Scan the records below for the line with "Patio plan includes" and the line with "Figure 3. The", and retype that range exactly, both ends included, pictures excepted.

▶ INPUT:
== == ==
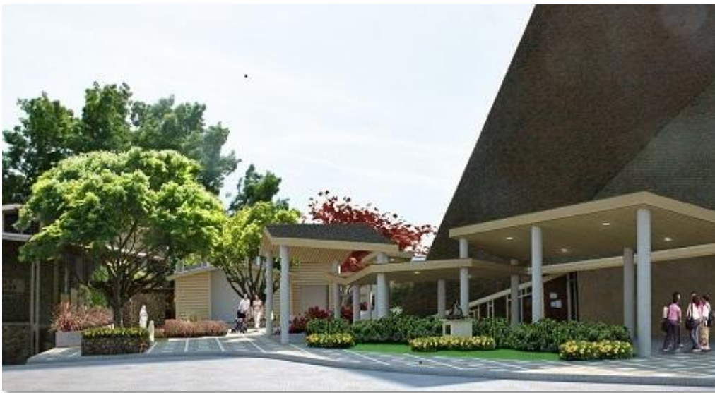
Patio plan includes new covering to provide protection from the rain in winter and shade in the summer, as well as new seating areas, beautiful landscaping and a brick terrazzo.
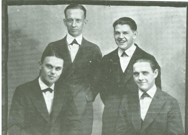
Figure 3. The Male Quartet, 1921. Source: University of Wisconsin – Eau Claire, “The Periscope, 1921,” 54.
== == ==
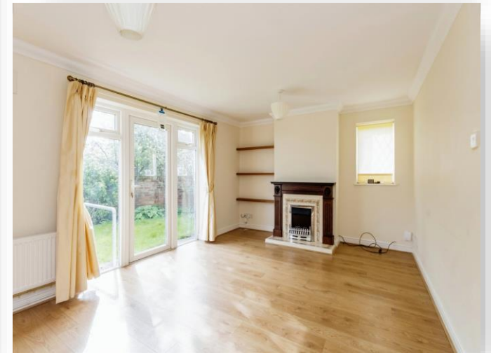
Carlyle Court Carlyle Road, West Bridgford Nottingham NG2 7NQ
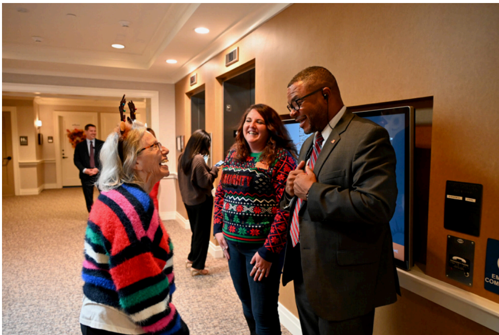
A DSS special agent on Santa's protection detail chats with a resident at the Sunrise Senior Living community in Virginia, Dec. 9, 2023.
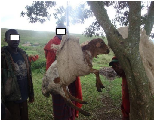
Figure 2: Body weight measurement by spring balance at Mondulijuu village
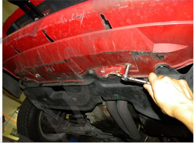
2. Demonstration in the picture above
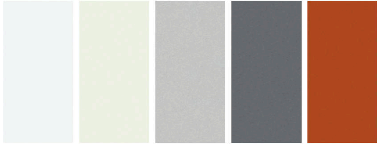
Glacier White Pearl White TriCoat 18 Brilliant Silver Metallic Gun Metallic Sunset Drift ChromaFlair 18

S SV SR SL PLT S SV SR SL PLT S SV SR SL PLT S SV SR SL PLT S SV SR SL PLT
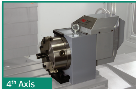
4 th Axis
== == ==
▶ TASK RESPONSE:
Patio plan includes new covering to provide protection from the rain in winter and shade in the summer, as well as new seating areas, beautiful landscaping and a brick terrazzo.
Figure 3. The Male Quartet, 1921. Source: University of Wisconsin – Eau Claire, “The Periscope, 1921,” 54.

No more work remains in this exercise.